> PROVIDED MATERIAL:
-*-*-

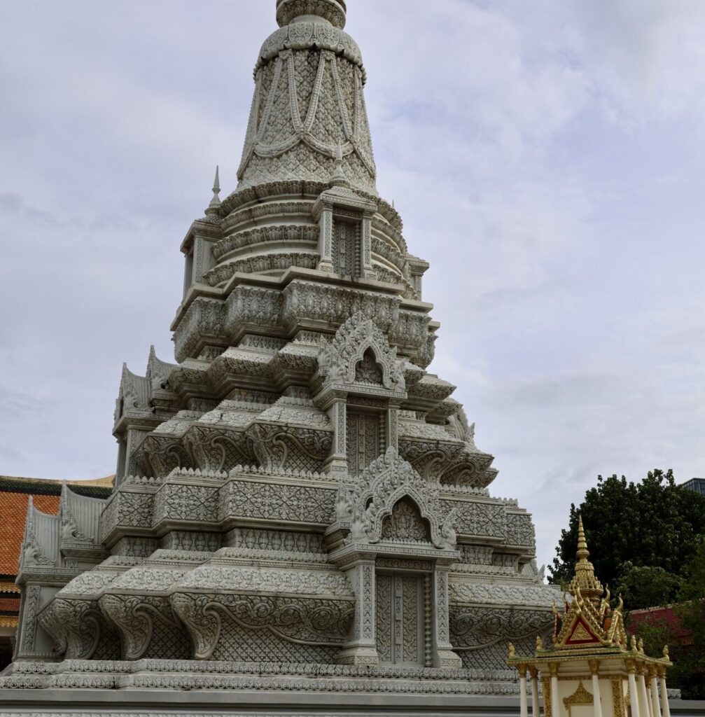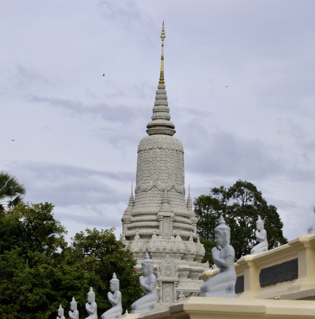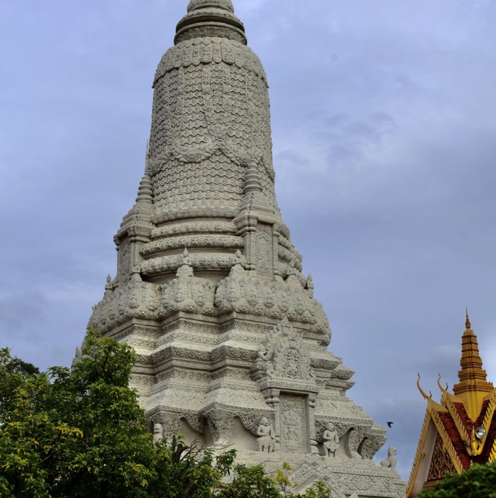 Si tu viens à Phnom Penh, tu ne peux pas manquer cet incontournable de la ville. Construit en 1866 sous le règne du roi Norodom, lors du déplacement de la capitale royale de Oudong à Phnom Penh, il est aujourd’hui encore la résidence principale de la famille royale, dont les quartiers sont bien évidemment fermés au public. Ses nombreuses pagodes aux toits dorés et aux ornements typiques de l’architecture khmère moderne s’enchaînent dans des jardins parfois richement décorés, parfois laissés sous l’apparence de vastes espaces pavés. On y trouve également la célèbre Pagode d’Argent (Silver Pagoda), une pagode de couleur gris pâle finement gravée d’un grand nombre de bas-reliefs.
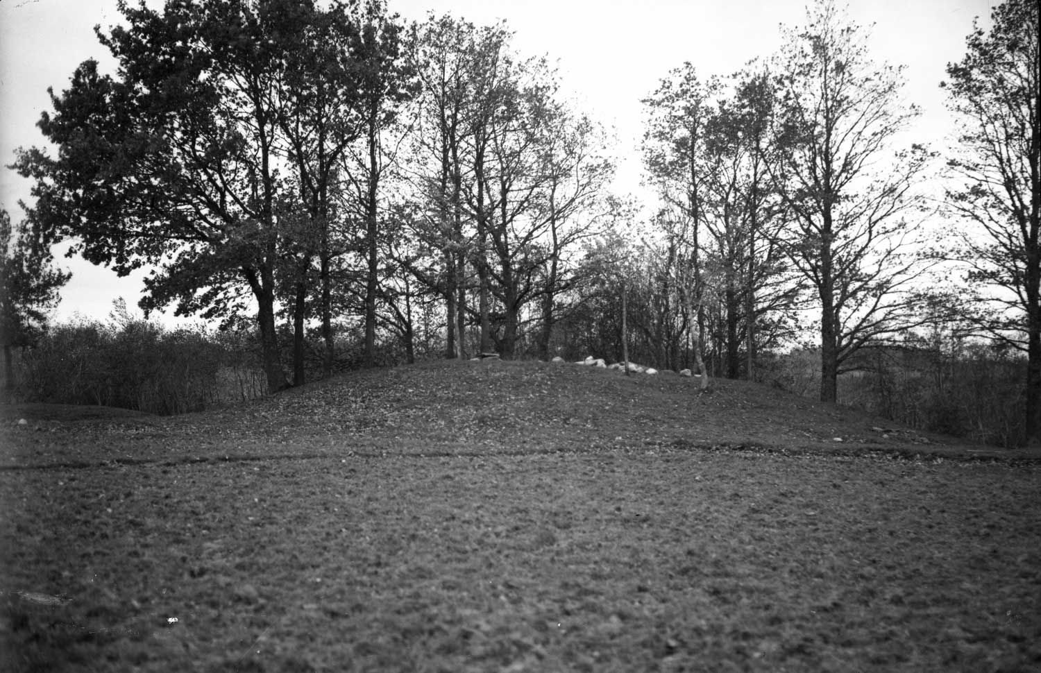 Uzkalniņš apaudzis ar krūmiem un kokiem, redzamas senu rakumu pēdas.
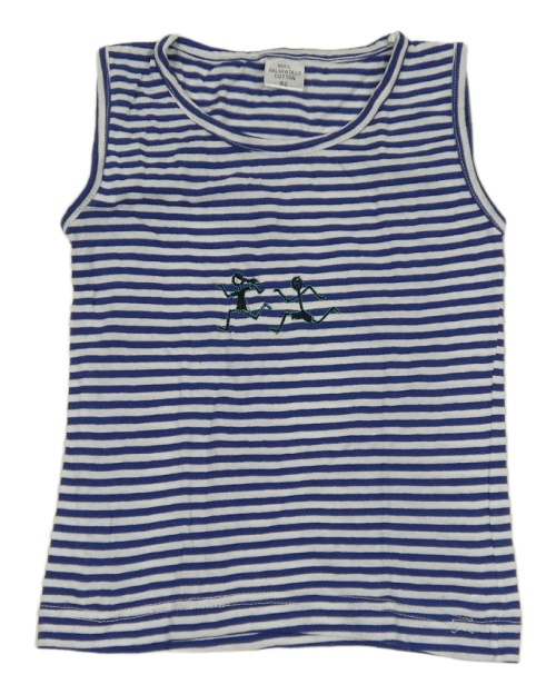 Tmavomodro-biely pruhovaný top s výšivkou

-*-*-

> TASK GOAL: Extract, word for word, every line from the one holding "Uzkalniņš apaudzis ar" through the closing line of the data above. Do not include any pictures.

> COMPLETED EXERCISE:
 Uzkalniņš apaudzis ar krūmiem un kokiem, redzamas senu rakumu pēdas.
 Tmavomodro-biely pruhovaný top s výšivkou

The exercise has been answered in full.